It reflected the complex pattern of Arabian paganism, a paganism
best described as a nature worship verging on polytheism, a worship
which included a veneration of sacred stones, natural phenomena,
and particular places associated with divine powers or agencies.
The pilgrims who came to the Ka'bah from all parts of the tribal
Arabia might have special regard for the famous Black Stone set
in one of the walls of the central building.  This was an object of
immense veneration.  But there were many other sacred stones in
the Ka'bah as also the shrines of the three goddesses of Mecca,
al-Izzat, the goddess of power, Manat, the goddess of fate, and
Allat, the goddess of fertility.  There was also some recognition
of a supreme Being named Allah, the creator of heaven and earth....

"Muhammad therefore had no need to argue for the *existence* of Allah
and he did not do so.  What he emphasized was the reverence due to
Allah.  The worship of Allah, he argued, should be the only worship.
All other worship was idolatrous.

"Nor was he the first to maintain this view.  Besides mentioning Jews
and Christians, 'the people of the Book', the Qur'an refers to an
obscure, pre-Islamic tradition of monotheism represented by the
so-called Hanifs, who believed that Allah was the only God and
apparently shared Muhammad's conviction that Allah and none else
was the Lord of the Ka'bah, the 'Lord of the House'...

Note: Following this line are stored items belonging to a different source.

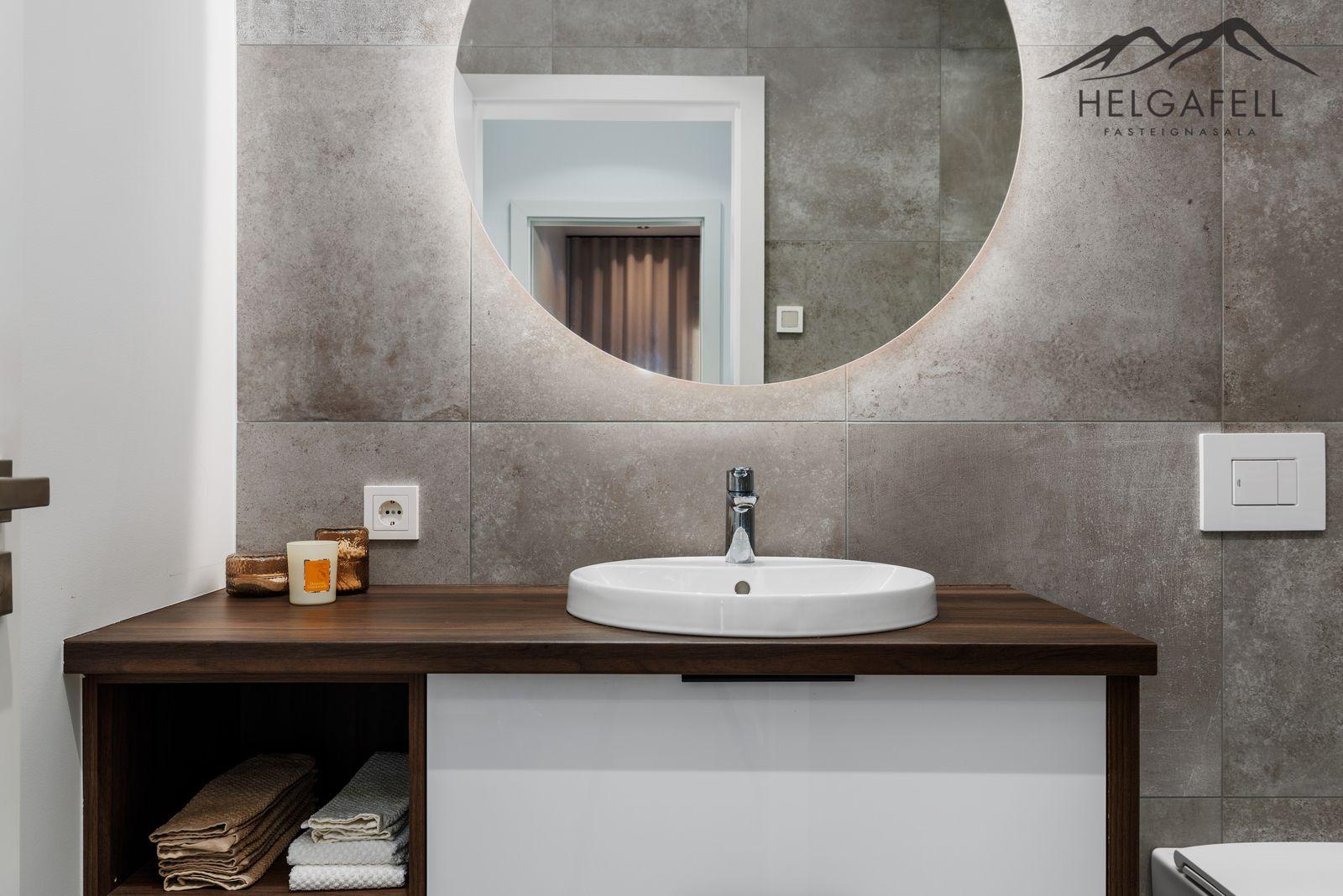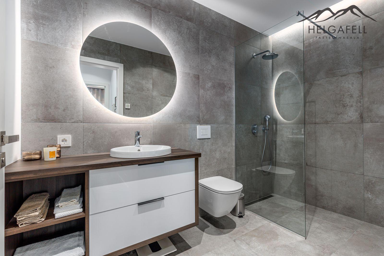 Baðherbergi: Með fallegri baðinnréttingu, ljósaspegill, walk in sturta með innbyggðum blöndunartækjum, upphengt salerni, handklæðaofn, flísalagt í hólf og gólf.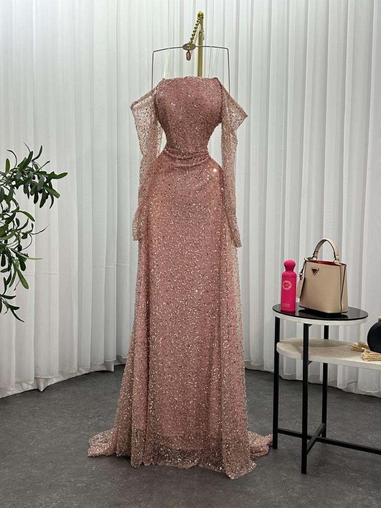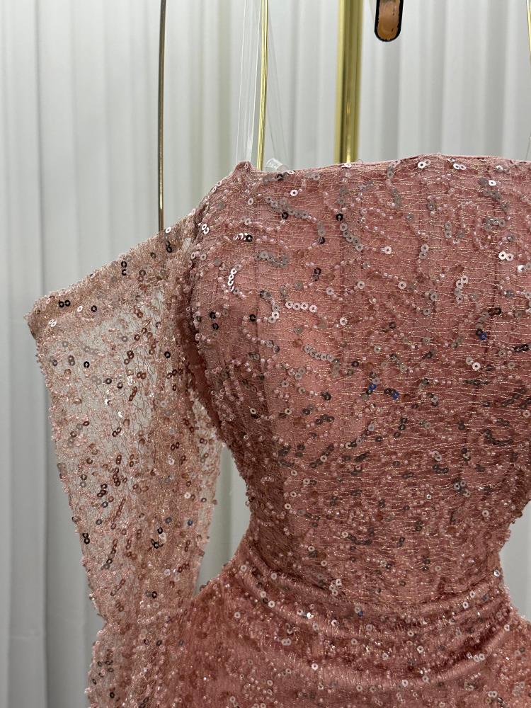 فستان سهرة أنيق بلون وردي لامع، يتميز بقصة ضيقة تبرز الخصر، مع أكمام شفافة طويلة منسدلة تضيف لمسة راقية، وتنورة طويلة تنسدل بانسيابية مع ذيل خفيف. التصميم مزين بالكامل بالترتر اللامع لإطلالة فخمة وملفتة.
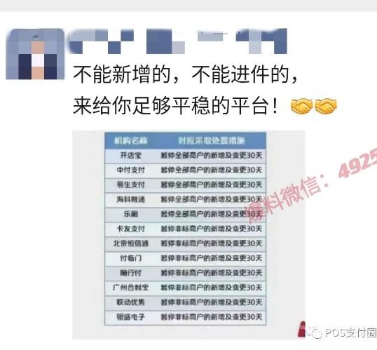 近日,一张截图刷爆支付圈,疑似12家支付POS机公司被监管处置,要求停止新增商户30天。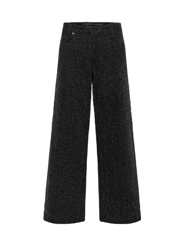 Design: Gevoerde zoom/rand, Ritssluiting, 5-pocket-style; Type sluiting: Ritssluiting; Materiaal: Denim; Motief: Effen; Extra's: Studs, Met textuur, Riemlussen; Lengte: Lang/maxi; Pasvorm: Wide leg; Taillehoogte: Mid waist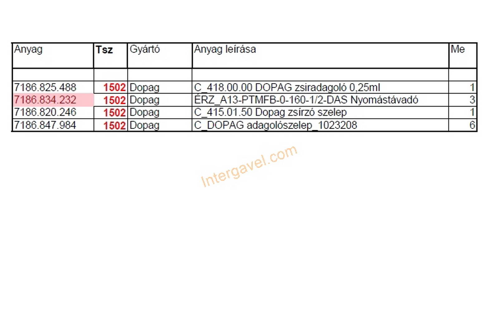 - tétel jellemzően Dopag alkatrészeket tartalmaz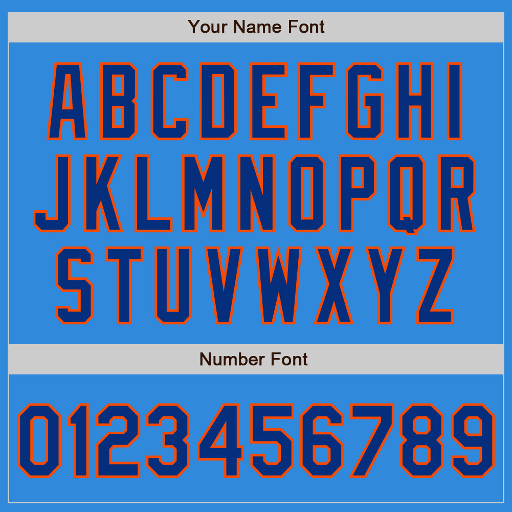 Personalized Electric Blue Royal-Orange Varsity Letterman Bomber Jacket Full-Snap Two Tone Personalized Electric Blue Royal-Orange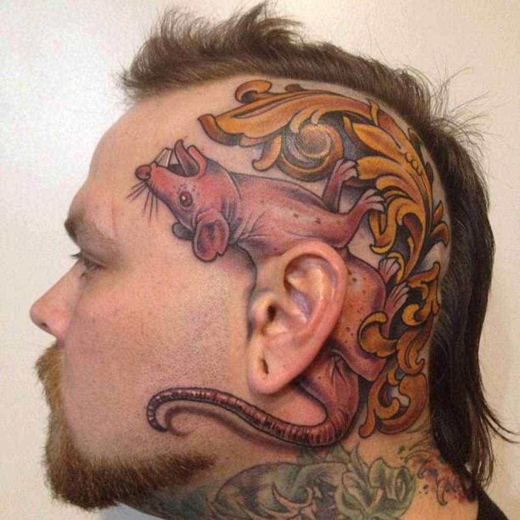 Представители сильного пола предпочитают смешные тату большого размера, выполненные в стилях Биомеханика, Трайбл, Трэш-полька или Дотворк. Самые популярные смешные мужские татуировки – это всевидящее око на затылке и, вообще, любые изображения с глазами на задней части головы, трёхмерные рукава или шедевры во всю спину, рисунки на ногах и руках, выполненные в технике Биомеханика.
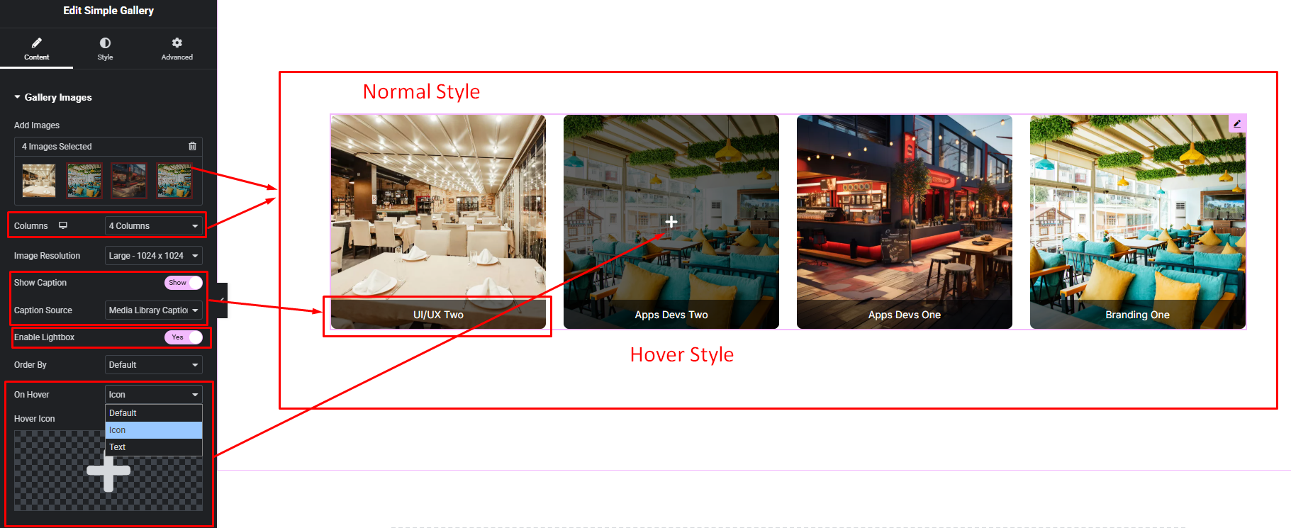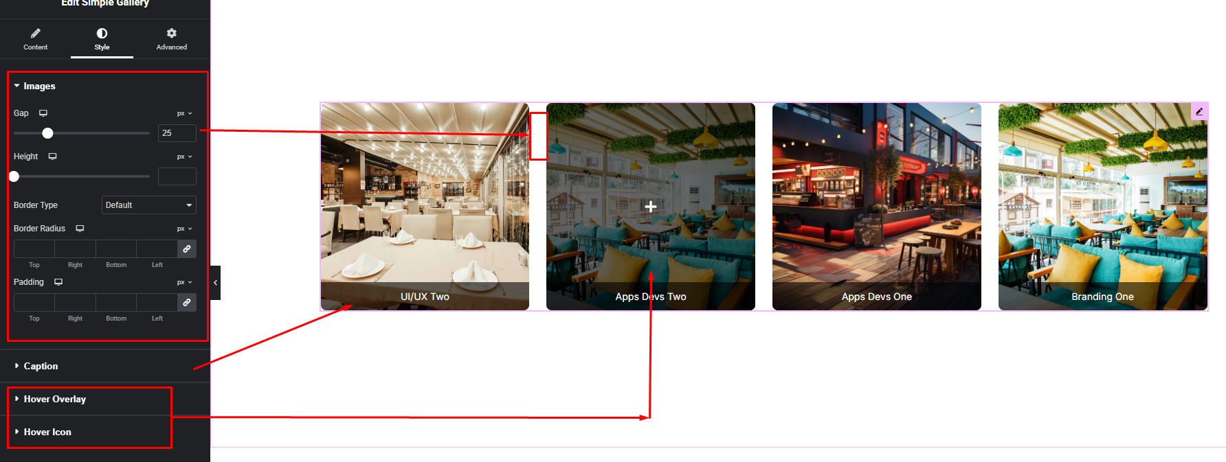 Easily customize your widget’s appearance including gallery item, caption, hover overlay bg and hover icon or text style —all from the Style panel.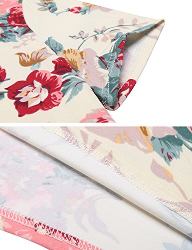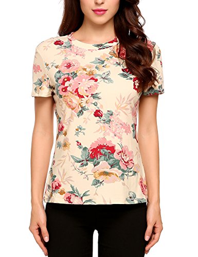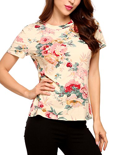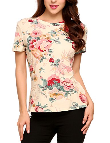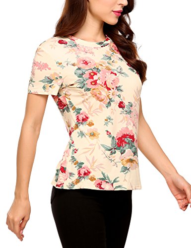 Soteer Women Summer Casual Short Sleeve Floral Printed Blouse Tops Shirts Beige L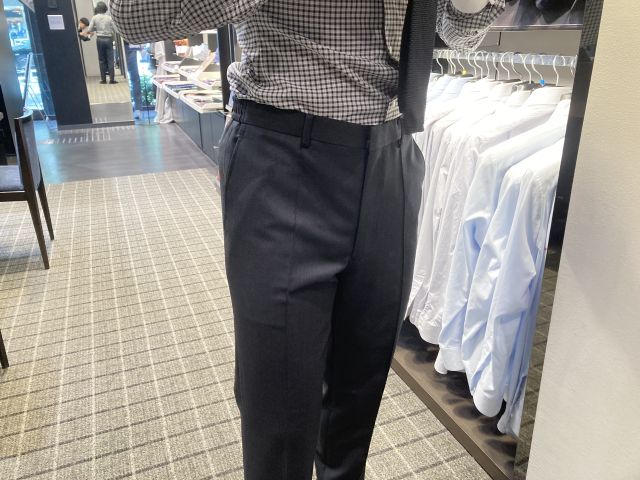 通常のスラックスよりもややカジュアルな印象になりますが、これから夏にかけての季節や普段スーツを着用しない方にもとてもおすすめのモデルとなっております。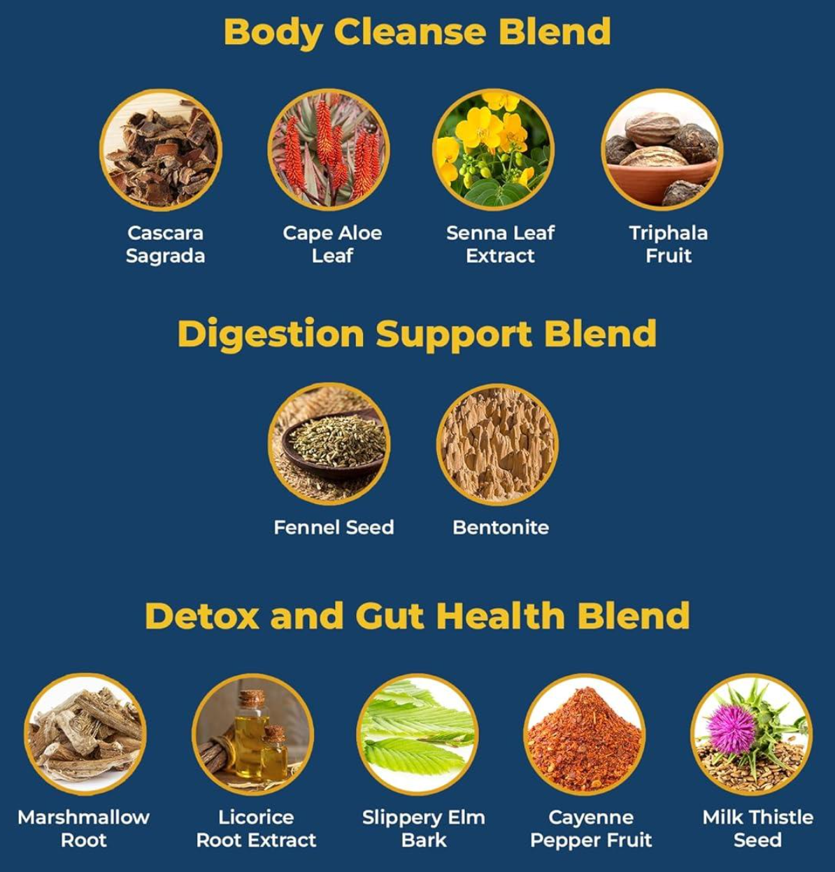 BellyFlush also frequently includes mild herbal stimulants or motility-supporting herbs that encourage bowel contractions and ease transit. Herbs such as senna or cascara (in small, controlled amounts) act on intestinal receptors to gently increase motility, while carminative herbs reduce gas formation. The combination aims to shift a sluggish gut toward more predictable rhythm without aggressive or painful cramping. This makes the product useful as a short-term corrective tool.

"Neither the name Allah, then, nor the belief in one supreme deity,
was entirely new to Arabia.  Nevertheless, the Hanifs seemed to be
comparatively few and far between, the Jews and Christians were
aliens, and the great majority of Muhammad's fellow countrymen
in Mecca and beyond Mecca were pagans in practice and belief.
The Ka'bah in Muhammad's day was the citadel of a confused
idolatry.  While, therefore, Muhammad could appeal to a vague
belief in one supreme God named Allah, he was something more
than a reformer.  He was not merely calling upon men to be
logical and put into practice what they already believed.
To all intents and purposes, the faith he preached meant a
parting of the ways.  It challenged the whole complex of
pagan belief wedded to tribal custom which found expression
in the Ka'bah rituals as well as the shrine.  The measure of
the man, therefore, must be taken in the light of the measure
of the force of this challenge, the resistance it was bound to
arouse, and Muhammad's achievement despite this resistance.
He found an Arabia which merely looked over its shoulder at
Allah and left an Arabia for whom Allah was all in all, the First
and the Last."

_The Study of Religions_, 1969, published by Pelican Books,
 (originally written in 1966); pages 97-99.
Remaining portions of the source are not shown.